Last updated: 2015-08-11
Code version: 54b5090efa940ffc9920fdee95e8364552464e2b
Input annotation.
anno <- read.table("../data/annotation.txt", header = TRUE,
stringsAsFactors = FALSE)
head(anno)
individual batch well sample_id
1 19098 1 A01 NA19098.1.A01
2 19098 1 A02 NA19098.1.A02
3 19098 1 A03 NA19098.1.A03
4 19098 1 A04 NA19098.1.A04
5 19098 1 A05 NA19098.1.A05
6 19098 1 A06 NA19098.1.A06
Input ERCC concentration information.
ercc <- read.table("../data/ercc-info.txt", header = TRUE, sep = "\t",
stringsAsFactors = FALSE)
colnames(ercc) <- c("num", "id", "subgroup", "conc_mix1", "conc_mix2",
"expected_fc", "log2_mix1_mix2")
head(ercc)
num id subgroup conc_mix1 conc_mix2 expected_fc log2_mix1_mix2
1 1 ERCC-00130 A 30000.000 7500.00000 4 2
2 2 ERCC-00004 A 7500.000 1875.00000 4 2
3 3 ERCC-00136 A 1875.000 468.75000 4 2
4 4 ERCC-00108 A 937.500 234.37500 4 2
5 5 ERCC-00116 A 468.750 117.18750 4 2
6 6 ERCC-00092 A 234.375 58.59375 4 2
stopifnot(nrow(ercc) == 92)
Input molecule counts.
molecules <- read.table("../data/molecules.txt", header = TRUE,
stringsAsFactors = FALSE)
Input list of quality single cells.
quality_single_cells <- scan("../data/quality-single-cells.txt",
what = "character")
Keep only the single cells that passed the QC filters. This also removes the bulk samples.
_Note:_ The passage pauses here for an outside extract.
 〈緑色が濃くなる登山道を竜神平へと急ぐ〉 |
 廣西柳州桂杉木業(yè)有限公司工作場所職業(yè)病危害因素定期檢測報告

molecules_single <- molecules[, colnames(molecules) %in% quality_single_cells]
anno_single <- anno[anno$sample_id %in% quality_single_cells, ]
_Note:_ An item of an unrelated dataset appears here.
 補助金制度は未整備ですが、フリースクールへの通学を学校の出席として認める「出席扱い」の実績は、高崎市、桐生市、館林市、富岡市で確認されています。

stopifnot(ncol(molecules_single) == nrow(anno_single),
colnames(molecules_single) == anno_single$sample_id)
Also remove batch 2 of individual 19098.
molecules_single <- molecules_single[, !(anno_single$individual == 19098 & anno_single$batch == 2)]
anno_single <- anno_single[!(anno_single$individual == 19098 & anno_single$batch == 2), ]
stopifnot(ncol(molecules_single) == nrow(anno_single))
Remove genes with zero read counts in the single cells.
expressed_single <- rowSums(molecules_single) > 0
molecules_single <- molecules_single[expressed_single, ]
dim(molecules_single)
[1] 17478 563
How many genes have greater than or equal to 1,024 molecules in at least one of the cells?
overexpressed_genes <- rownames(molecules_single)[apply(molecules_single, 1,
function(x) any(x >= 1024))]
15 have greater than or equal to 1,024 molecules. Remove them.
molecules_single <- molecules_single[!(rownames(molecules_single) %in% overexpressed_genes), ]
Accorindg to Pollen et al., there are total 28,000 ERCC molecule per cell when the ERCC stock is used in 1:20,000 dilution. In our study, I used 1:50,000 dilution. Therefore, we have total 28000/2.5= 11200 ERCC molecule per cell.
#### sort ercc file by gene ID
ercc <- ercc[order(ercc$id), ]
#### calculate the number of each ERCC based on the genes detected
ratio <- 11200/ sum(ercc[,"conc_mix1"])
ratio
[1] 0.1081968
ercc$counts <- ercc[,"conc_mix1"] * ratio
head(ercc)
num id subgroup conc_mix1 conc_mix2 expected_fc
70 70 ERCC-00002 D 1.500000e+04 3.000000e+04 0.50
72 72 ERCC-00003 D 9.375000e+02 1.875000e+03 0.50
2 2 ERCC-00004 A 7.500000e+03 1.875000e+03 4.00
26 26 ERCC-00009 B 9.375000e+02 9.375000e+02 1.00
67 67 ERCC-00012 C 1.144409e-01 1.716614e-01 0.67
86 86 ERCC-00013 D 9.155273e-01 1.831055e+00 0.50
log2_mix1_mix2 counts
70 -1.00 1.622953e+03
72 -1.00 1.014345e+02
2 2.00 8.114764e+02
26 0.00 1.014345e+02
67 -0.58 1.238215e-02
86 -1.00 9.905717e-02
#### try 28000 to see if integers were generated
ratio_t <- 28000/ sum(ercc[,"conc_mix1"])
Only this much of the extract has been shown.